The pair continued in a similar vein on the resumption. The day was balmy and windless and it appeared we were set for a batting afternoon with Cook enlisting his formidable powers of patience and concentration to help Essex build something formidable. Ben Slater dropped Westley at long leg off Dane Paterson when the Essex skipper was on 40 and we thought the home side could not afford such laxity. It turned out they could.
Six overs later, Cook tried to drive a wideish ball from the same bowler and Harrison marked his debut with a good two handed-catch to his left. Then just as Westley was beginning to dominate Steven Mullaney's attack, he bottom-edged an attempted pull off Paterson and splayed his stumps much as a drunken driver scatters bollards.
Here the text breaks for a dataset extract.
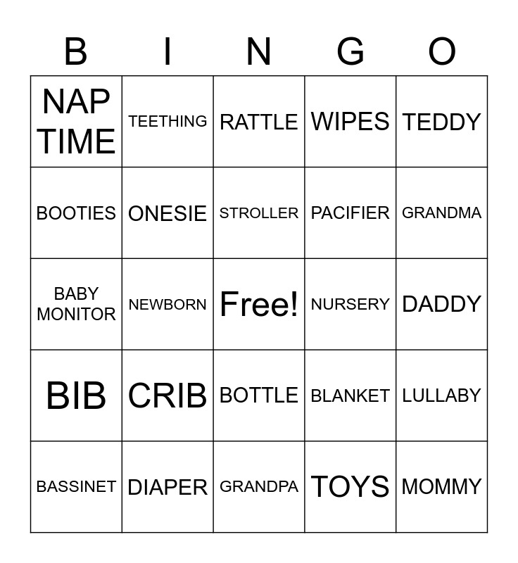This bingo card has a free space and 40 words: BABY BOY, BABY MONITOR, CAR SEAT, ONESIE, DIAPER, BOTTLE, STROLLER, PLAY PEN, TEDDY, BIB, NEWBORN, WIPES, MOMMY, DADDY, NURSERY, CRIB, HIGH CHAIR, NAP TIME, BATH TIME, RATTLE, LULLABY, TOYS, PACIFIER, BOOTIES, MITTENS, STORK, TRUCKS, CRAVINGS, SON, TEETHING, COLIC, BASSINET, MOBILE, BLANKET, GRANDMA, GRANDPA, GRANDSON, PAMPERS, TEETHING and BABY FOOD.

Sharp as ever to sense an opening, Nottinghamshire's bowlers took two more wickets in the next half hour although they had help from their opponents. Dan Lawrence came down the wicket to Hutton and then feathered his drive to Joe Clarke behind the stumps. It was a funky "england23" shot and uncharitable spectators might have observed that Lawrence would have done better to think what Essex needed today rather than what Ben Stokes might want in three weeks' time. Either way, it was a shabby effort. Two overs later, Matt Critchley meekly followed a ball from Hutton and Essex repaired to the pavilion on 205 for 5.
The paradox was that Essex's fresh batsmen needed the 20-minute break rather more than Nottinghamshire's tired bowlers. On the resumption, most of the home attack overpitched and both Adam Rossington and Simon Harmer gave such deliveries serious rumpo. The pair had biffed ten fours in their 75-run stand for the seventh wicket when Broad took the new ball and arrowed one into the pads of Harmer who walked without waiting to be told he should. We had thus had a day on which neither bowler nor batsman had required an umpire's decision. Maybe O'Shaughnessy should apply for an unemployment benefit of some sort.
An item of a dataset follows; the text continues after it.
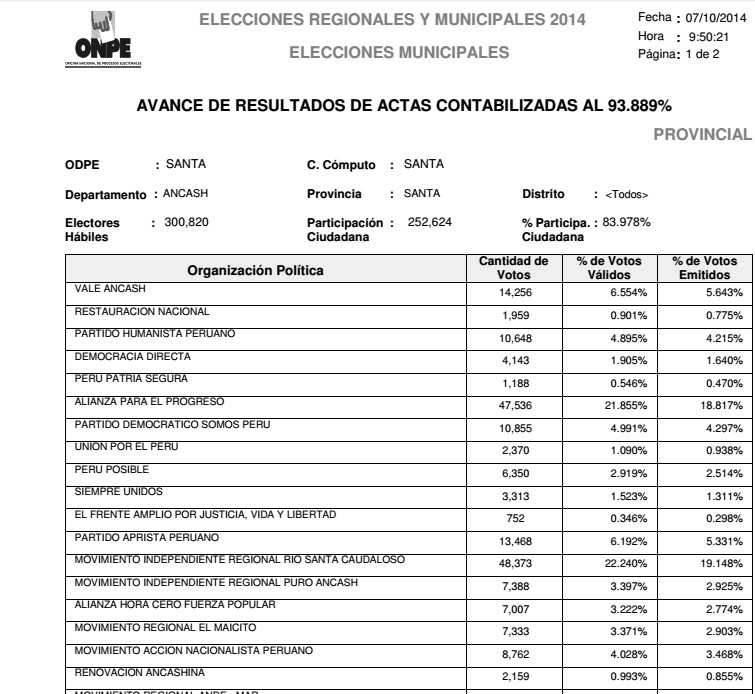Chimbote en Línea (Elecciones 2014).-La Oficina Nacional de Procesos Electorales (ONPE) emitió hoy el resultado al 100 por ciento de actas procesadas para la elección del alcalde de las cuatro Provincias y 25 Distritos de la ODPE Santa, para el periodo 2015 – 2018.

Harmer's dismissal marked the day's final shift. Essex lost their last five wickets for 28 runs in less than ten overs, a conclusion to the day's cricket that most of those at Trent Bridge welcomed warmly. They know this is the best Test venue at which to watch county cricket and Nottingham's position in the hierarchy is questioned only by the deep-dyed at other venues.
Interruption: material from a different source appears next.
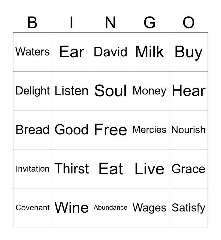 This bingo card has a free space and 24 words: Thirst, Wine, Soul, Covenant, Buy, Waters, Delight, Ear, Mercies, Eat, Money, Bread, Live, Grace, Listen, Wages, Nourish, David, Hear, Good, Satisfy, Invitation, Milk and Abundance.
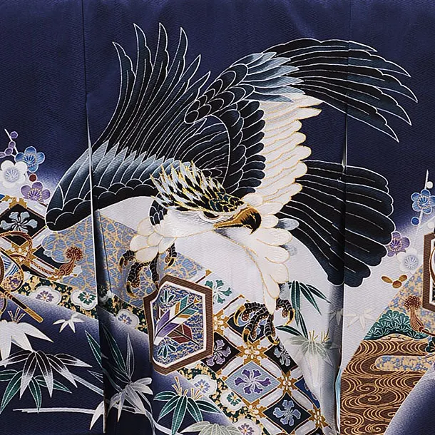 紺地に、宝尽くしと鷹が描かれたお着物です。雄々しい鷹と縁起の良い宝尽くし柄がおめでたい華やかな雰囲気です。背景の松竹梅が格調高い美しさを添えます。

This might produce a perverse determination on the part of some neutrals to resist its charms but such a resolve would be useless. One sight of the old pavilion or the uniform white-painted seats and we become soft clay in the hands of those who entered into the inheritance of this place and built it with love. It was really no coincidence that we noticed O'Shaughnessy and Tom Lungley walking round the boundary just before the toss this morning. They might have been beating the bounds of a medieval parish.